*** DATA SHOWN Section Begins ***

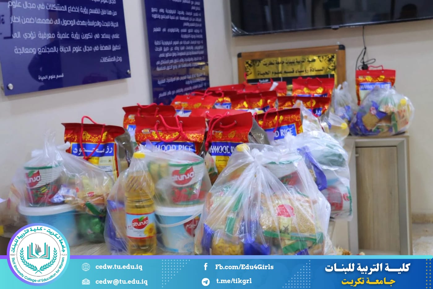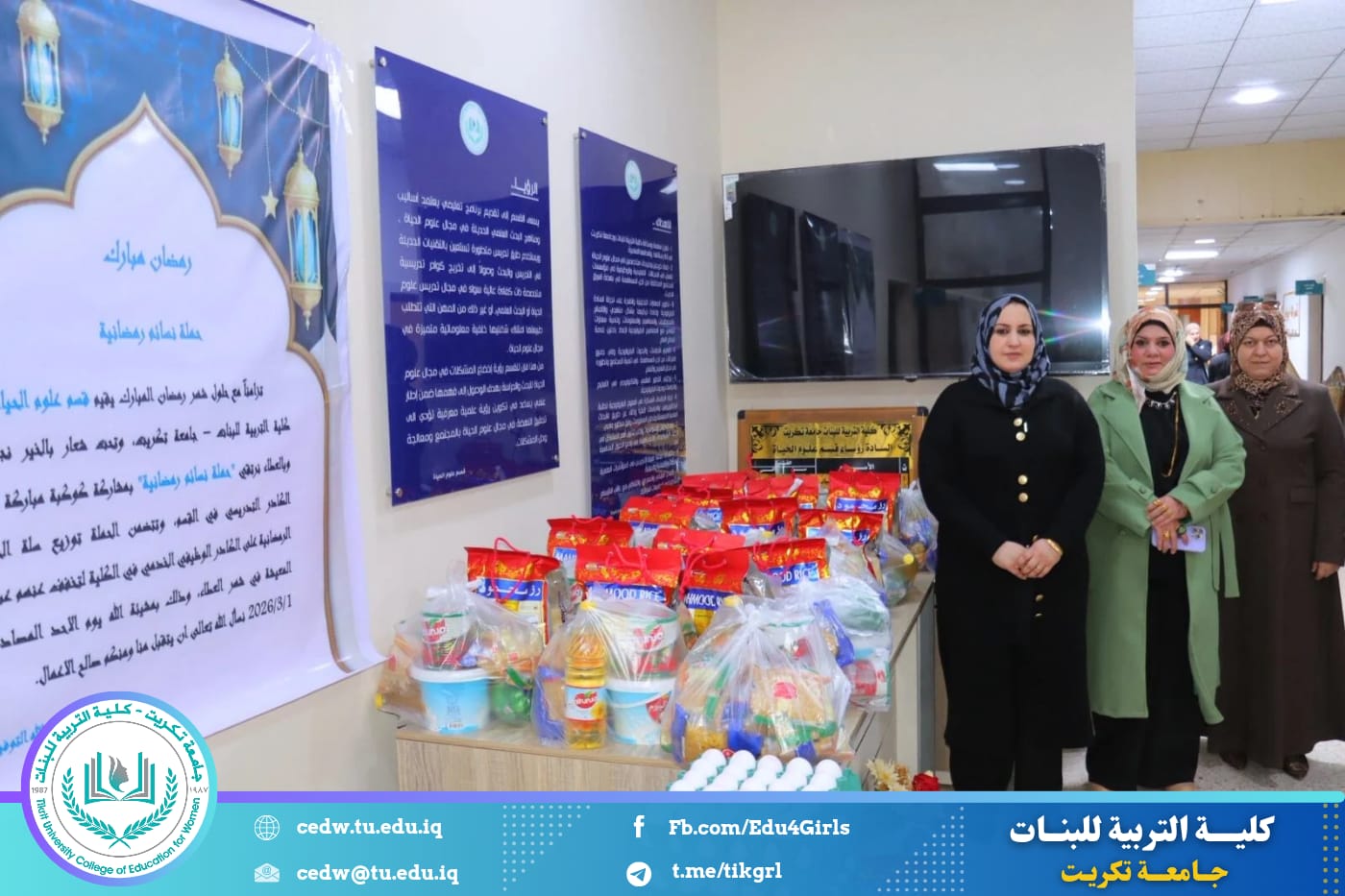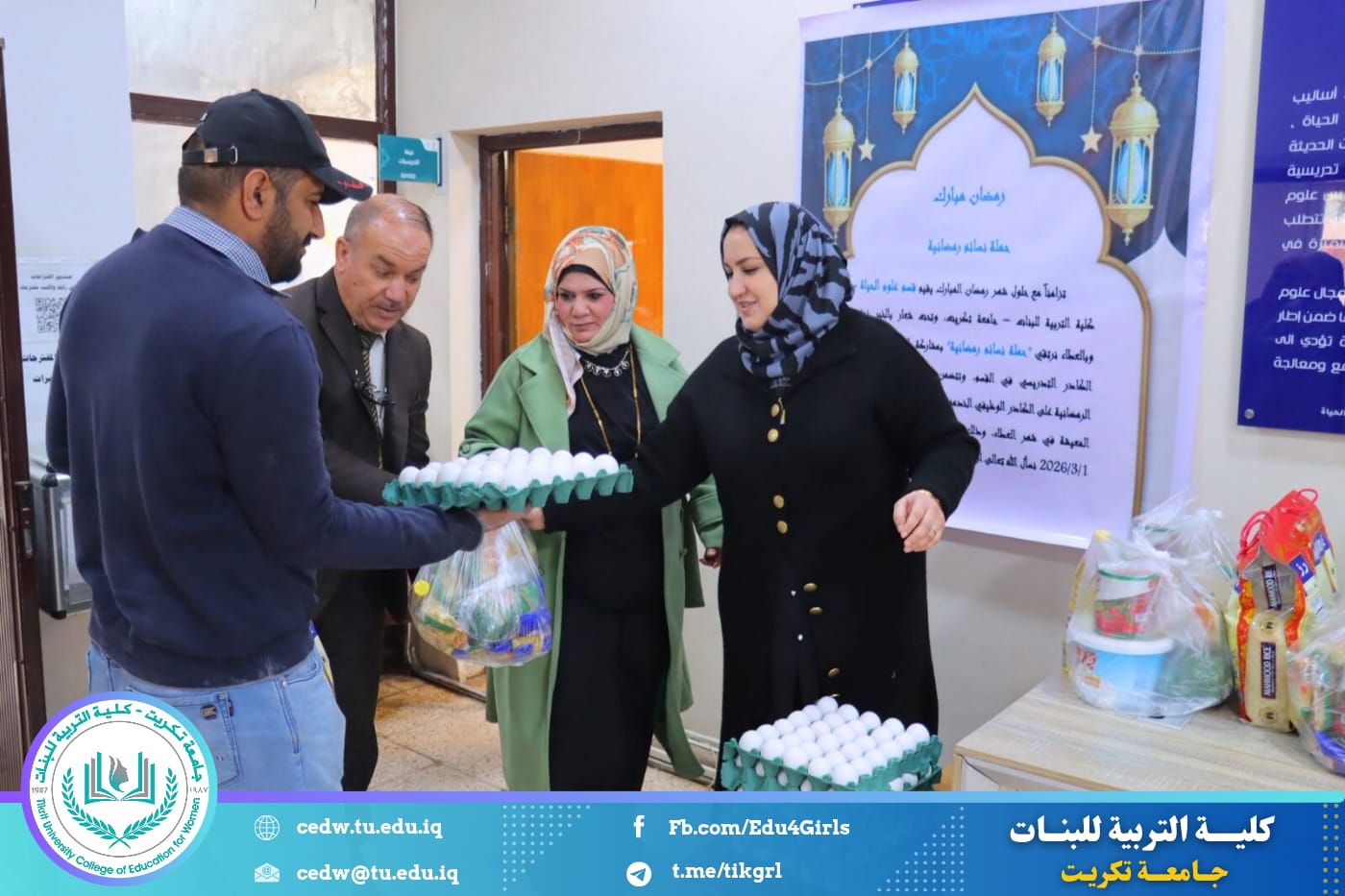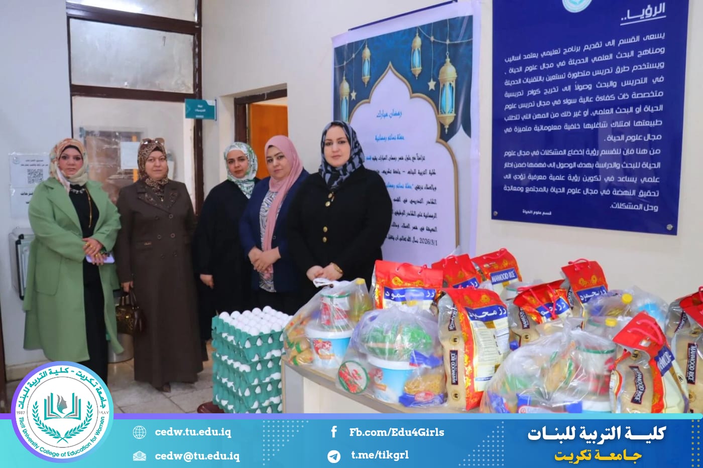 تزامناً مع حلول شهر رمضان المبارك، أقام قسم علوم الحياة في كلية التربية للبنات – جامعة تكريت حملة رمضانية نسوية تحت شعار (بالخير نجتمع وبالعطاء نرتقي)، بمشاركة كوكبة من الكادر التدريسي في القسم، وذلك في إطار تعزيز قيم التكافل الاجتماعي وترسيخ روح التعاون والعطاء خلال هذا الشهر الفضيل.
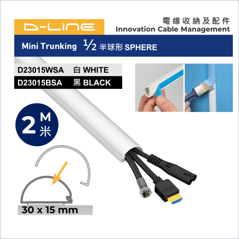 英國品牌 D-LINE 家居DIY電線膠槽 D23015WSA / D23015BSA (2條裝) ½半球形30x15mm 2米長-帶強力背膠貼-靈活開關 (加減電線) 香港總代理
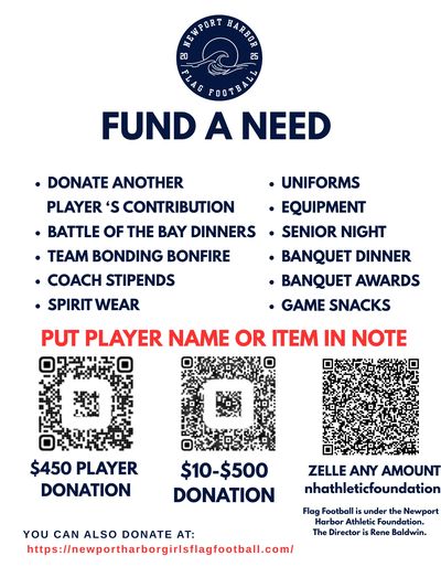 The Newport Harbor Girls Flag Football program is partially funded by the school
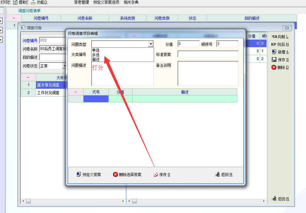 还建议”问题类型“中增加”打分“类型,这主要用在公司内部的民主评议中,由员工对被测评人进行打分,”打分“类型的分数可以自动计算。
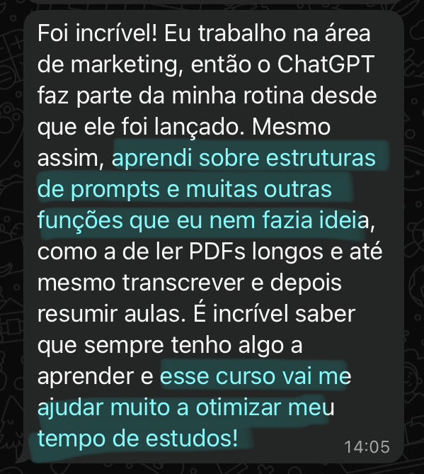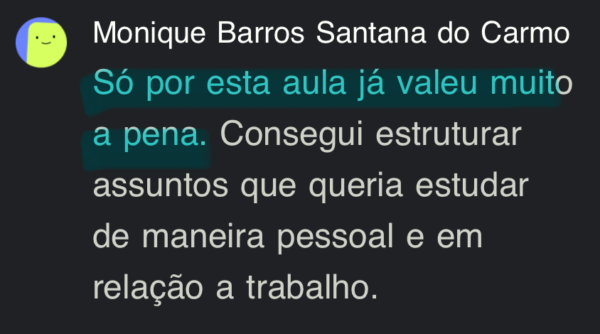Um ponto chave no curso é a explicação em como dinamizar a forma como você estuda…” Letícia T.
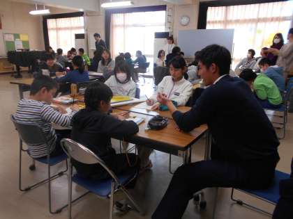 5年生は2月22日の総合的な学習の時間で、本校出身の高校生・大学生の先輩9人の来ていただき、さまざまな質問に答えていただきました。
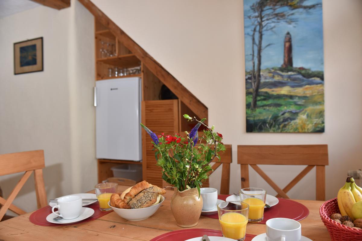 Die 55 qm große gemütliche Wohnung ist für 4 Personen geeignet. Sie hat einen Südeingang mit großer Diele. Von hieraus geht es in den Wohnbereich im Obergeschoss.
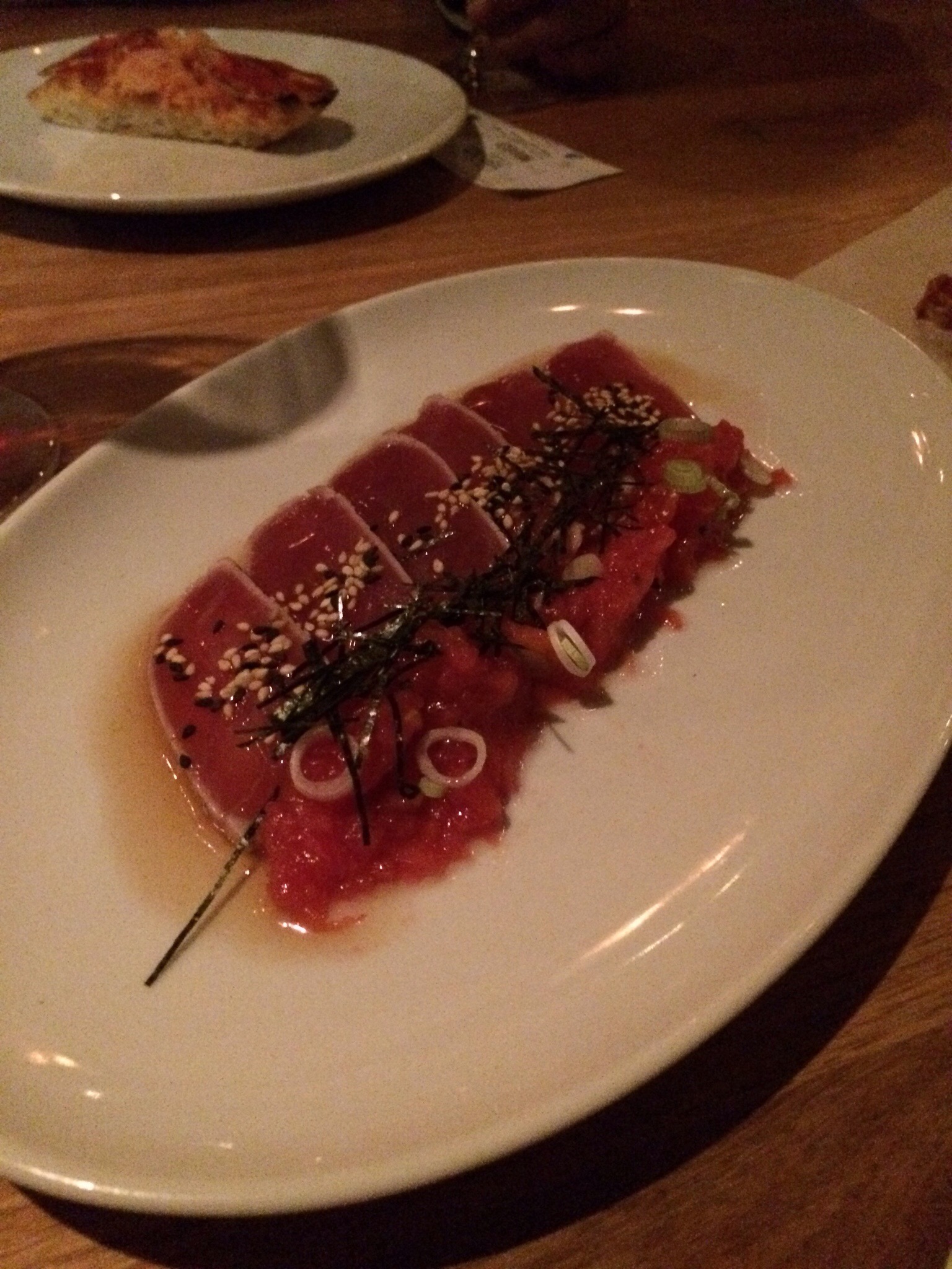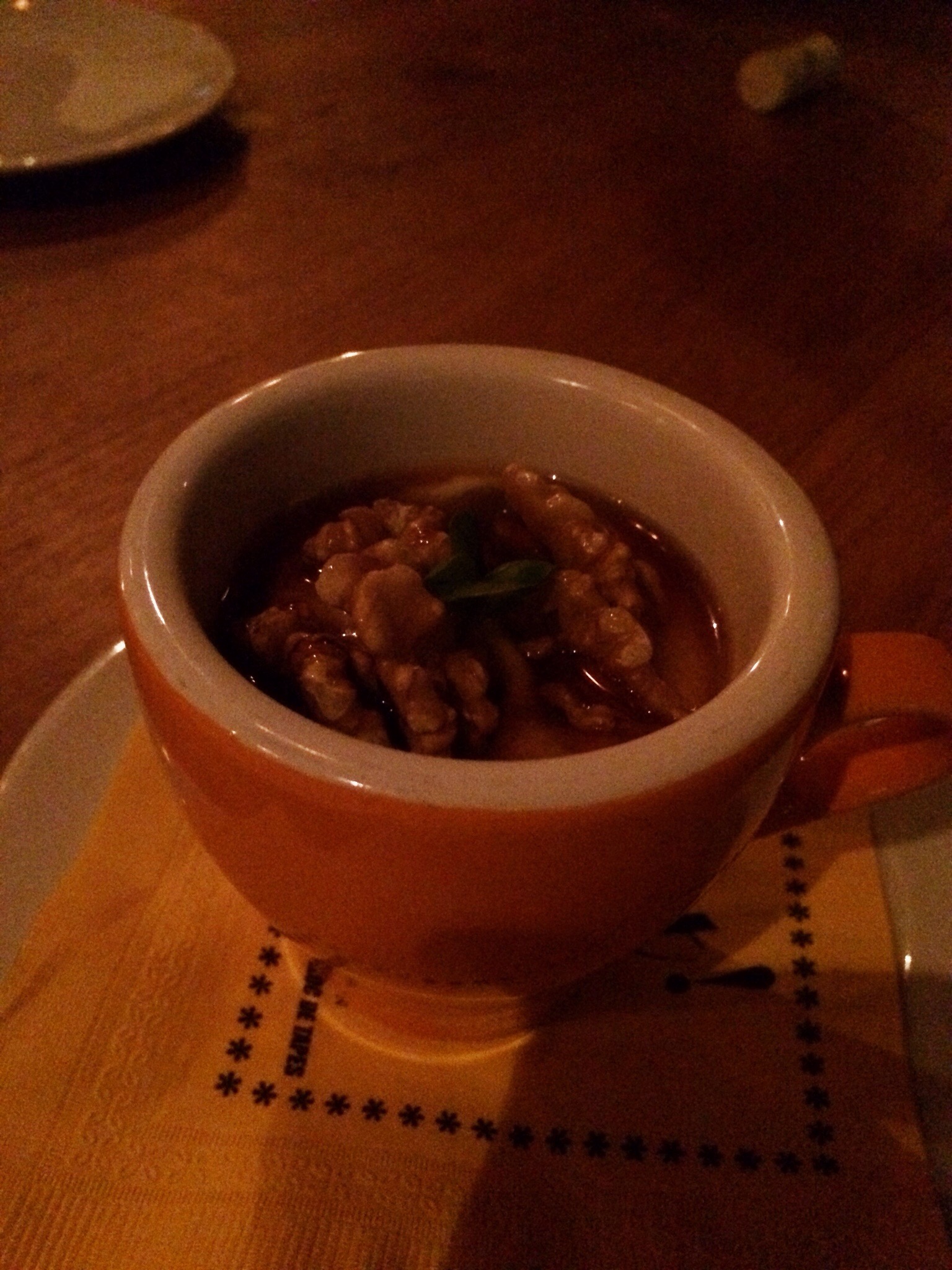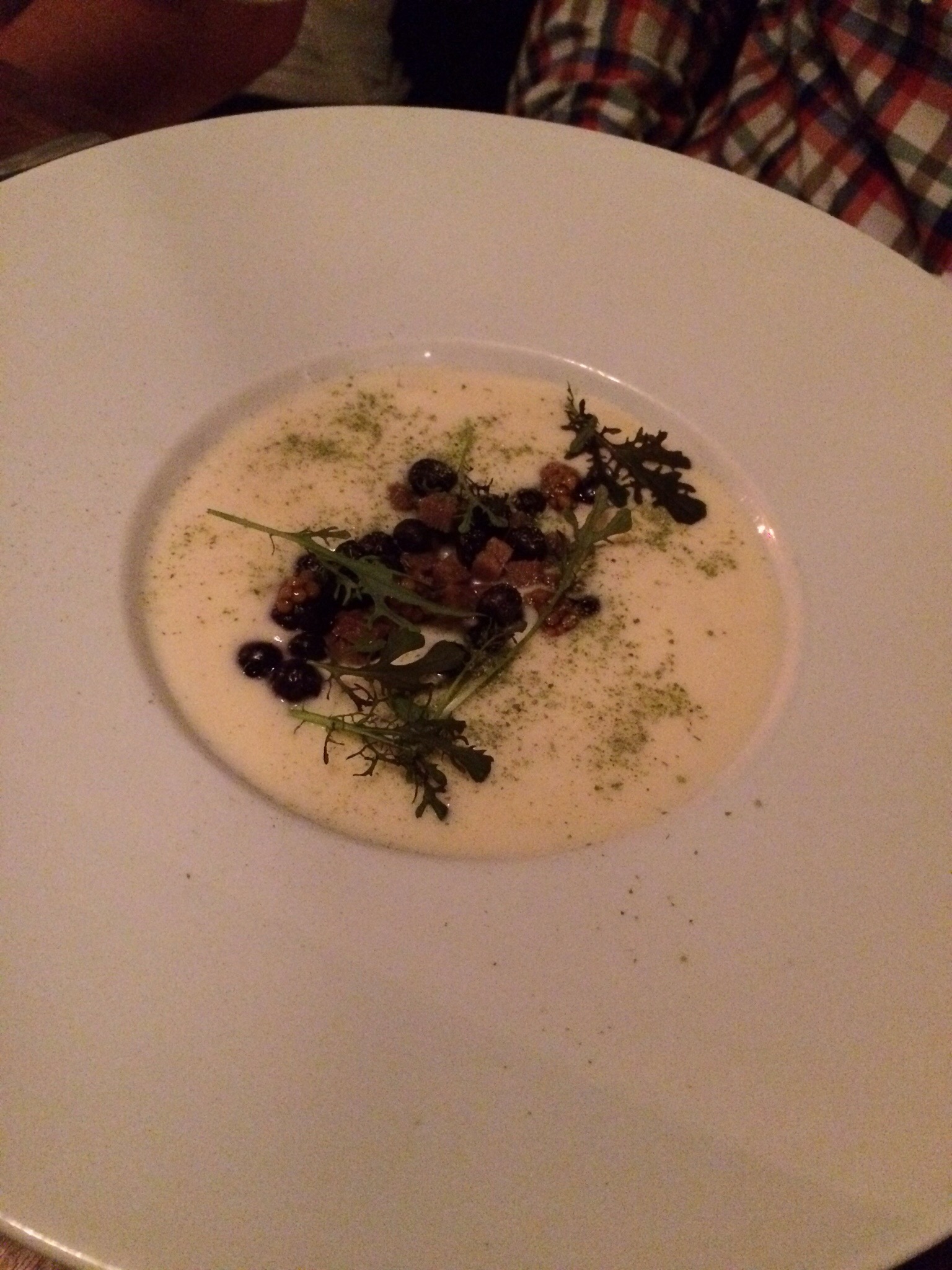 The menu is not big but frankly everything on the page sounded amazing. As a starter, I went with the crispy veal sweetbread served with a soubise sauce, comté, mustard and hazelnuts. I love sweetbreads so even though the rest of the items listed seemed like a weird mixture, I felt this dish call to me. It was superb – the sweetbread was cooked to perfection – juicy and tender but with a great exterior crunch. The onion sauce had a nice balance of sweetness and creaminess and the other elements worked well even if adding cheese, mustard and nuts to this would seem odd. Just trust me.

*** DATA SHOWN Section Ends ***

* **PROMPT**
Apart from the pictures, all of the data must be duplicated exactly as shown above.

* **REPLY TO THE EXERCISE**
 تزامناً مع حلول شهر رمضان المبارك، أقام قسم علوم الحياة في كلية التربية للبنات – جامعة تكريت حملة رمضانية نسوية تحت شعار (بالخير نجتمع وبالعطاء نرتقي)، بمشاركة كوكبة من الكادر التدريسي في القسم، وذلك في إطار تعزيز قيم التكافل الاجتماعي وترسيخ روح التعاون والعطاء خلال هذا الشهر الفضيل.
 英國品牌 D-LINE 家居DIY電線膠槽 D23015WSA / D23015BSA (2條裝) ½半球形30x15mm 2米長-帶強力背膠貼-靈活開關 (加減電線) 香港總代理
 The Newport Harbor Girls Flag Football program is partially funded by the school
 还建议”问题类型“中增加”打分“类型,这主要用在公司内部的民主评议中,由员工对被测评人进行打分,”打分“类型的分数可以自动计算。
Um ponto chave no curso é a explicação em como dinamizar a forma como você estuda…” Letícia T.
 5年生は2月22日の総合的な学習の時間で、本校出身の高校生・大学生の先輩9人の来ていただき、さまざまな質問に答えていただきました。
 Die 55 qm große gemütliche Wohnung ist für 4 Personen geeignet. Sie hat einen Südeingang mit großer Diele. Von hieraus geht es in den Wohnbereich im Obergeschoss.
 The menu is not big but frankly everything on the page sounded amazing. As a starter, I went with the crispy veal sweetbread served with a soubise sauce, comté, mustard and hazelnuts. I love sweetbreads so even though the rest of the items listed seemed like a weird mixture, I felt this dish call to me. It was superb – the sweetbread was cooked to perfection – juicy and tender but with a great exterior crunch. The onion sauce had a nice balance of sweetness and creaminess and the other elements worked well even if adding cheese, mustard and nuts to this would seem odd. Just trust me.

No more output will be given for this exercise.